* _Task directions_
Print out the data that follows exactly, character for character, apart from the pictures.

* _Provided data_
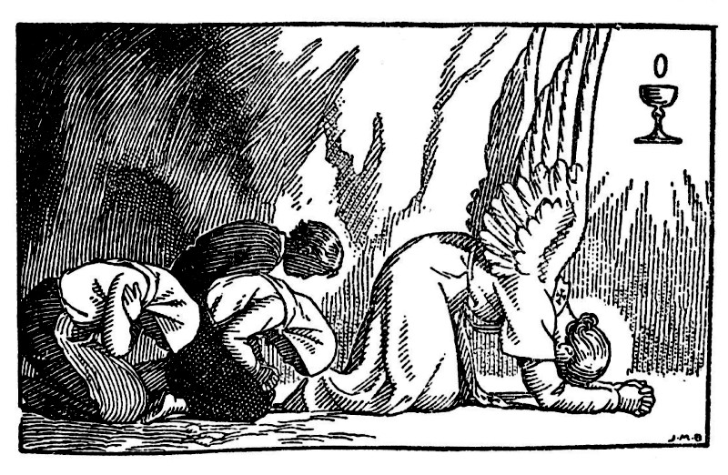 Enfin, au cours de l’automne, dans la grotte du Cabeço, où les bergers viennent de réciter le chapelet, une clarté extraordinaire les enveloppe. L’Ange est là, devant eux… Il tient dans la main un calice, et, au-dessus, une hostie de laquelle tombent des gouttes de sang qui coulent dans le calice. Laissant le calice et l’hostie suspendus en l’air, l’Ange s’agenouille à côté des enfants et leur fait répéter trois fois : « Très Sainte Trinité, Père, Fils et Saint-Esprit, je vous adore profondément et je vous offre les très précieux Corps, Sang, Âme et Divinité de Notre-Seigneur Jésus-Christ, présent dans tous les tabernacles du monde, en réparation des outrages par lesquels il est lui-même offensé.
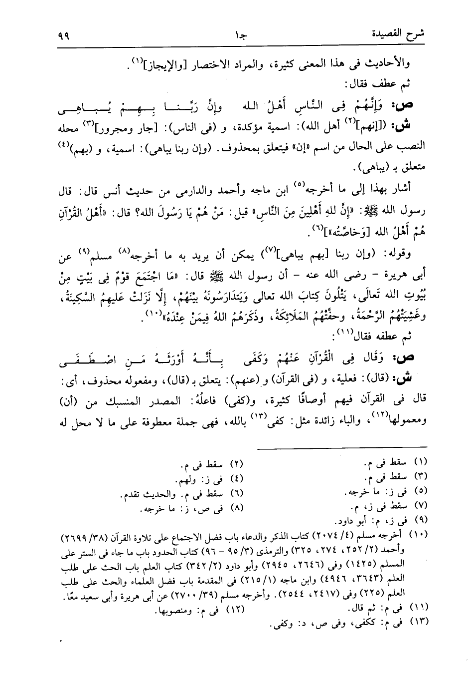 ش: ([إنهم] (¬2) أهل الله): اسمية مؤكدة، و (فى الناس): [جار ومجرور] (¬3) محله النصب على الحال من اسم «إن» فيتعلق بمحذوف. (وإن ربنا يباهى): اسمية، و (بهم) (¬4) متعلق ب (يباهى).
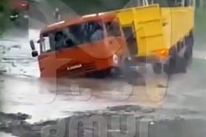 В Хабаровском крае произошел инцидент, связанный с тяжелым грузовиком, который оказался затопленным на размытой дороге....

* _Solution below_
 Enfin, au cours de l’automne, dans la grotte du Cabeço, où les bergers viennent de réciter le chapelet, une clarté extraordinaire les enveloppe. L’Ange est là, devant eux… Il tient dans la main un calice, et, au-dessus, une hostie de laquelle tombent des gouttes de sang qui coulent dans le calice. Laissant le calice et l’hostie suspendus en l’air, l’Ange s’agenouille à côté des enfants et leur fait répéter trois fois : « Très Sainte Trinité, Père, Fils et Saint-Esprit, je vous adore profondément et je vous offre les très précieux Corps, Sang, Âme et Divinité de Notre-Seigneur Jésus-Christ, présent dans tous les tabernacles du monde, en réparation des outrages par lesquels il est lui-même offensé.
 ش: ([إنهم] (¬2) أهل الله): اسمية مؤكدة، و (فى الناس): [جار ومجرور] (¬3) محله النصب على الحال من اسم «إن» فيتعلق بمحذوف. (وإن ربنا يباهى): اسمية، و (بهم) (¬4) متعلق ب (يباهى).
 В Хабаровском крае произошел инцидент, связанный с тяжелым грузовиком, который оказался затопленным на размытой дороге....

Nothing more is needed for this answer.